The presence of detrital uraninite and pyrite in fluvial placers of the Witwatersrand basin, South Africa, has been used to infer low levels of atmospheric oxygen during the Archean (>2500 Ma). However, recent studies advocate a hydrothermal origin for these minerals, thereby limiting their value as constraints on the composition of the early atmosphere. In contrast, ca. 3250–2750 Ma fluvial siliciclastic sediments from the Pilbara Craton in Australia have never undergone significant hydrothermal alteration, and their heavy minerals are of unequivocal detrital origin. These heavy minerals include the redox-sensitive phases pyrite, uraninite, and gersdorffite, along with more inert zircon, rutile, chromite, and monazite. Locally, siderite is a major constituent (to 90%) of the heavy mineral population, with grains displaying evidence for several episodes of erosion, rounding, and subsequent authigenic overgrowth.
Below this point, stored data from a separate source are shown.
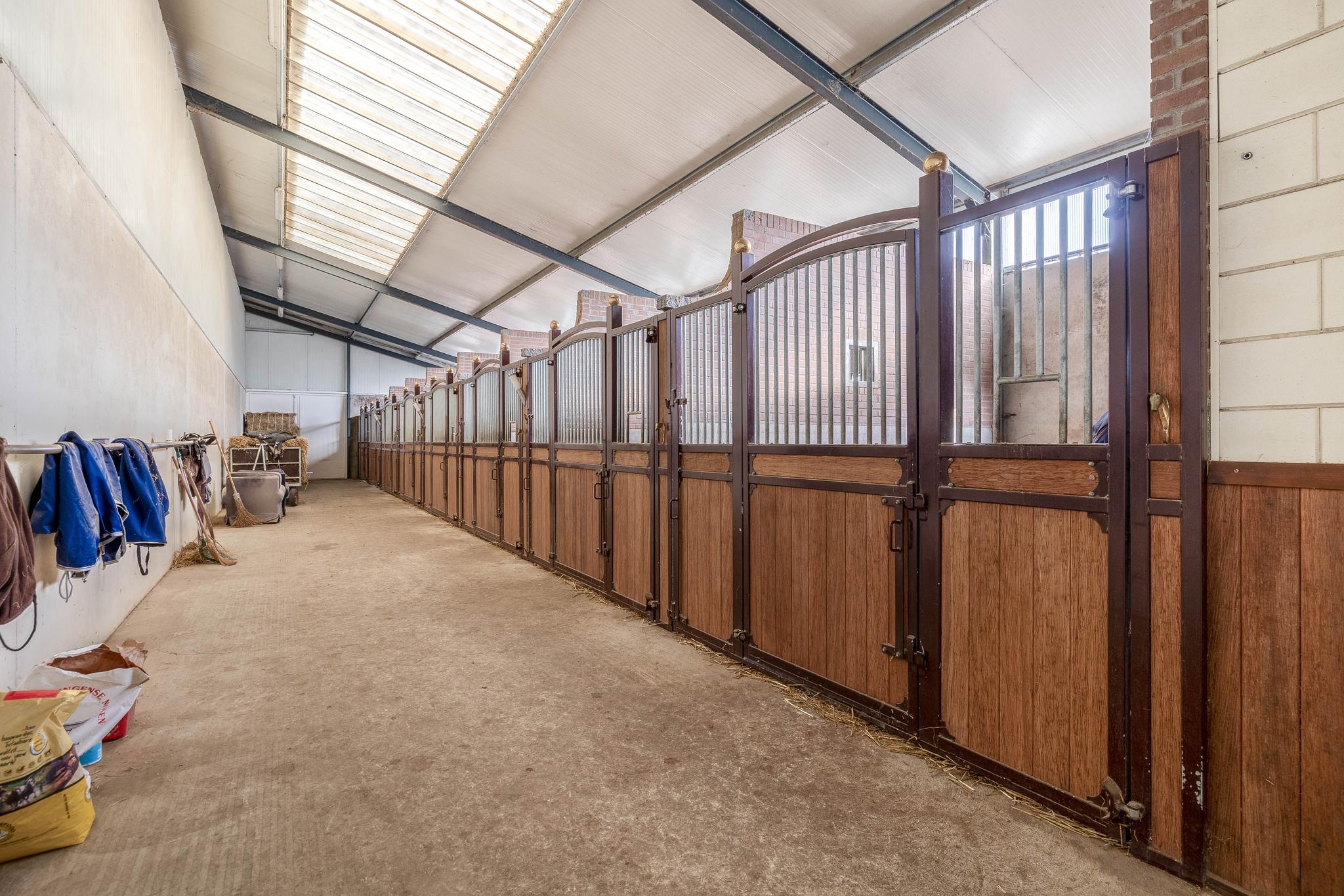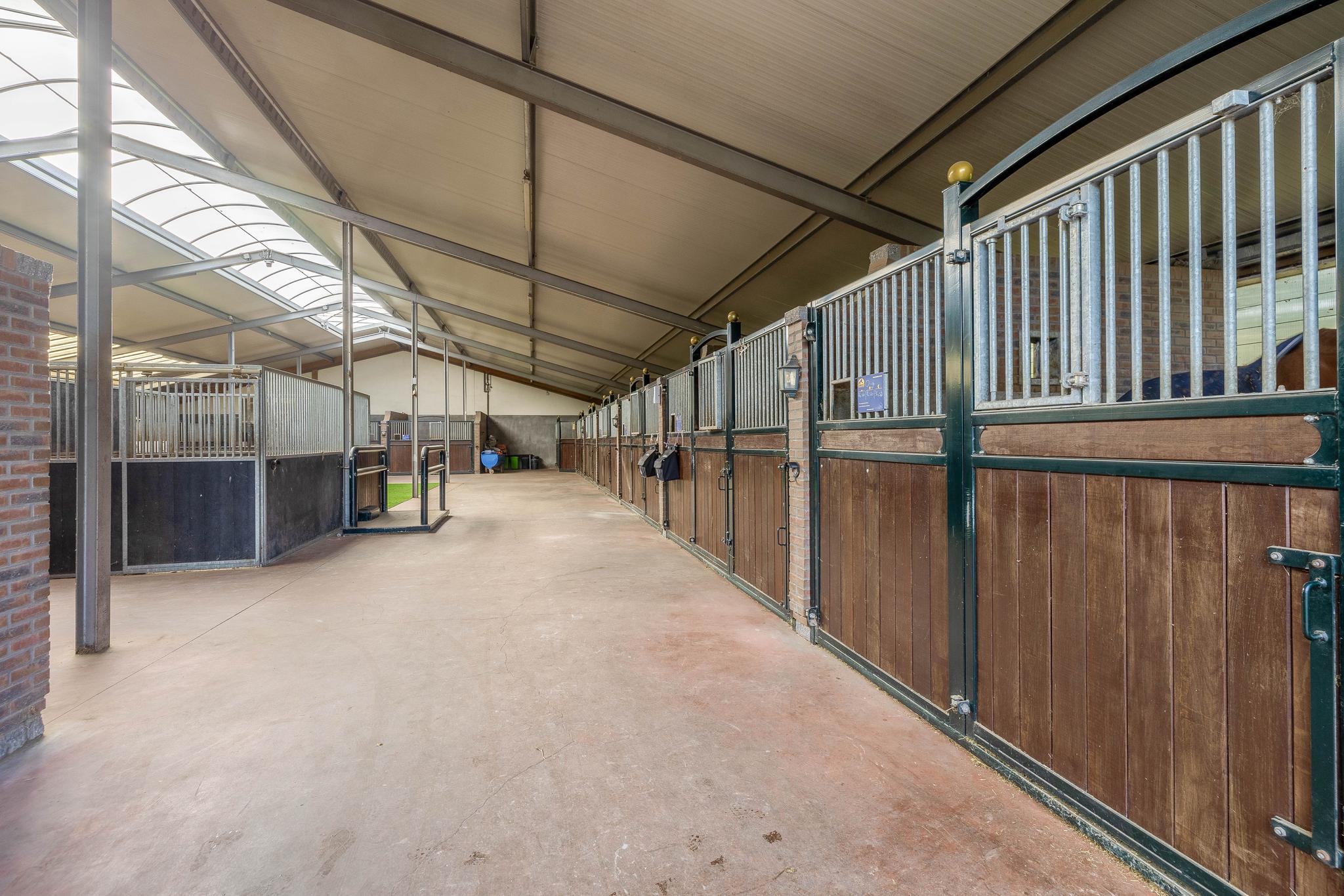 Het stalgedeelte aan de linkerzijde is uitgerust met 16 paardenboxen. Deze boxen zijn voorzien van deels hardhouten / deels gepoedercoate en deels gegalvaniseerde voorwanden. De tussenwanden zijn van metselwerk en deels bezet. De deuren de voorwanden zijn draaibaar. 2 boxen zijn voorzien van deels kunststof / deels gegalvaniseerde voor- en tussenwanden en schuifdeuren. Er is tevens 1 ponybox aanwezig. Er zijn 2 wasplaatsen en een solarium aanwezig. De wasplaatsen zijn uitgerust met een warm- en koudwatervoorziening. Vanuit het stalgedeelte is er toegang tot een hal waar de 2 zadelkamers gesitueerd zijn. Vanuit deze hal is er eveneens toegang tot de ontvangstruimte en de binnenpiste. De royale ontvangstruimte is afgewerkt met een tegelvloer, deels metselwerk/deels stucwerk wanden en een systeemplafond. Er is een toiletgroep gesitueerd bestaande uit een toiletruimte, invalidetoilet en een portaal met 2 wastafels. Tevens is er een complete keuken aanwezig. De keuken is ingericht met een oven, combimagnetron, vaatwasser, inbouw koffiezetapparaat, een spoelbak en een kookplaat. n de ontvangstruimte is de meterkast aanwezig. Hier is de opstelling voor de CV-combiketel gesitueerd. Ook beschikt de ruimte over een alarminstallatie. Vanuit de ontvangstruimte is er een fraai uitzicht op de binnenpiste. Openslaande deuren bieden toegang tot het erf. De naastgelegen binnenpiste (ca. 20mtr. x 60mtr.) is uitgerust met een eb/vloedbodem en een hardhouten bakrand (Horsmans). Een lichtkoepel in de nok en raampartijen in de kopgevel zorgen voor natuurlijke lichtinval, ook is er ventilatie aanwezig. Verder is de piste uitgerust met een spiegelwand. Een roldeur aan de achtergevel zorgt voor toegang tot het erf. Vanuit de binnenpiste is er toegang tot het stalgedeelte aan de rechterzijde. Dit stalgedeelte beschikt over 13 paardenboxen. Deze boxen (ca 4mtr. x 3mtr.) zijn voorzien van deels gepoedercoate / deels gegalvaniseerde en draaibare deuren. Ook zijn de boxen voorzien van een buitenluik. Tevens is hier een zadelkamer, wasplaats en een solarium aanwezig. Vanuit dit stalgedeelte is er toegang tot een kantine. Deze kantine is afgewerkt met een laminaatvloer en een systeemplafond. De kantine beschikt over een aparte CV-combiketel. Openslaande deuren aan de achtergevel zorgen voor toegang tot het erf.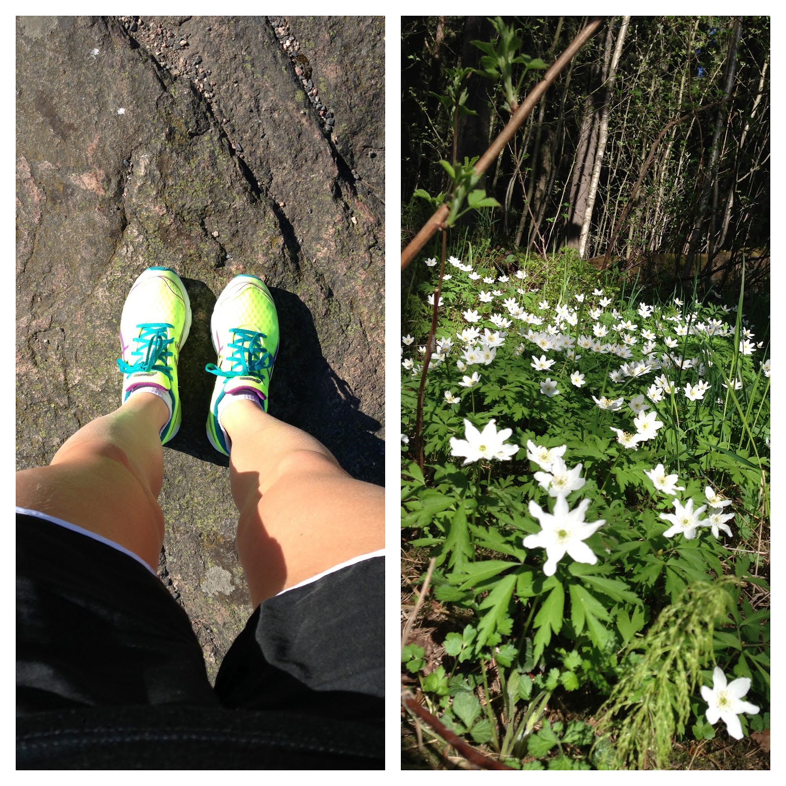 Eihan sita voinut vastustaa lenkkipolun kutsua nain kauniina paivana… Ihan kevyesti juoksentelin HCR:n maastossa, kaunista luontoa fiilistellen ja kuviakin rapsin sielta sun taalta. Lenkki tosin venyi suunniteltua pidemmaksi (reilut 12km), kun en ihan pysynyt kartalla. Jossain vaiheessa eksyin HCR:n reitilta… en muista HCR:lla nahneeni hevosia, tai sitten juoksin niin sumussa… muutama kilometri lisamatkaa, mutta mikas siina oli nain kauniilla saalla juostessa 🙂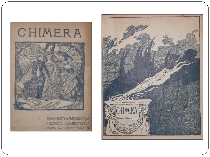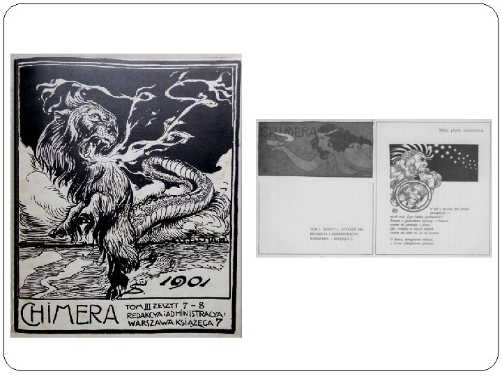 Mladopolské časopisy �časopis Chimera (1901– 1907): opět Miriam; nepravidelně vycházející umělecký almanach (30 sešitů) - tištěný na speciální papír, originální písmo („dovezené“ z Ameriky), pečlivá a originální grafická podoba - elitní charakter (drahý, nízkonákladový časopis; pečlivý výběr náročných textů) Autoři: Leśmian, Berent, Kasprowicz, Staff, Żeromski, Wyspiański aj.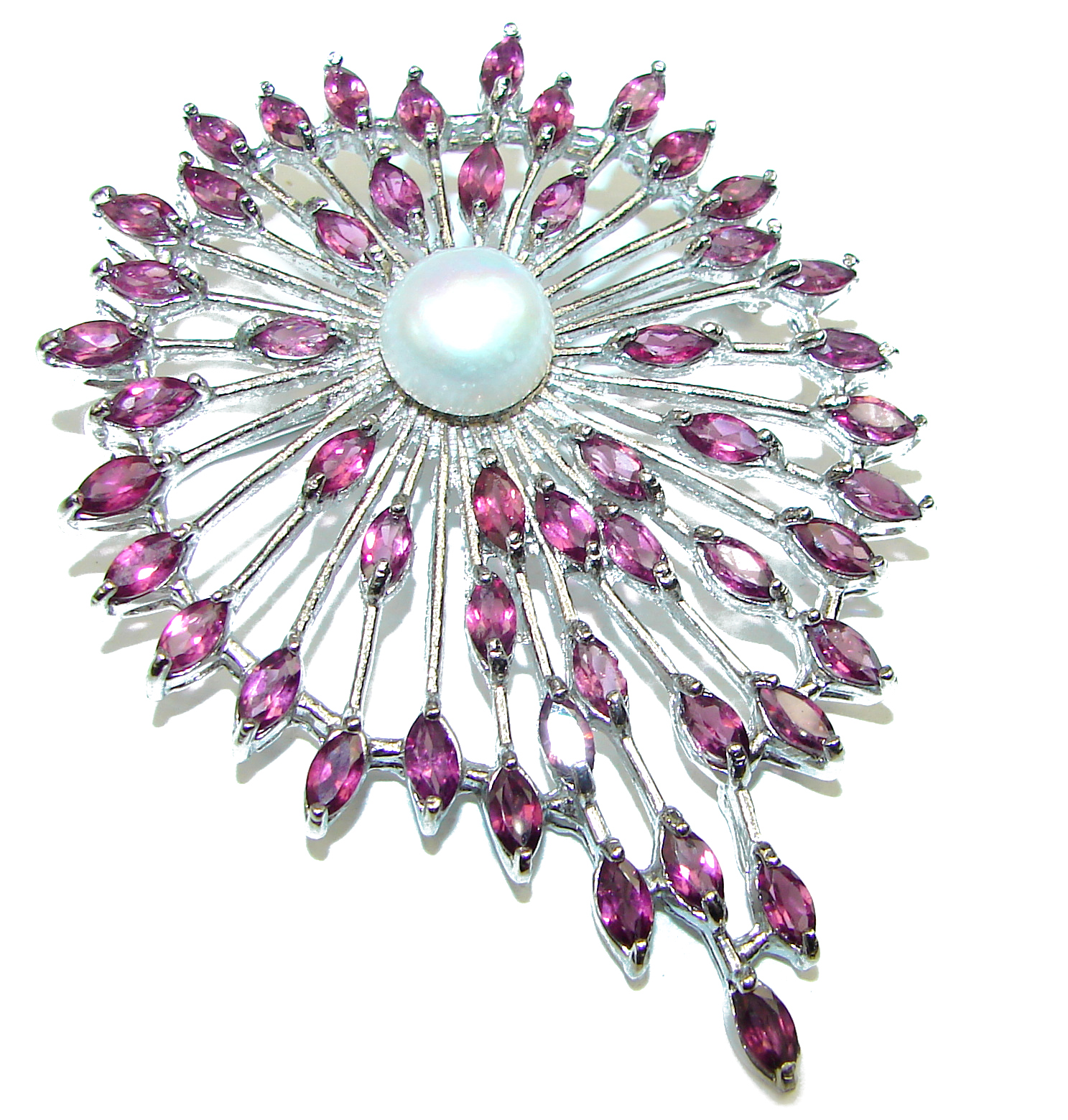 Classy Beauty genuine Pearl Garnet .925 Sterling Silver handmade Pendant - Brooch

Detrital siderite is very rare in post-Archean sandstones, largely due to its instability in oxidizing environments. However, its frequent survival of prolonged transport in well-mixed and therefore well-aerated Archean river waters that contained little organic matter strongly implies that the contemporary atmosphere was indeed much less oxidizing than at present. Moreover, concentrations of reduced sulfur species must have been very low in surface fluids for siderite to survive repeated transportation events without pyritization.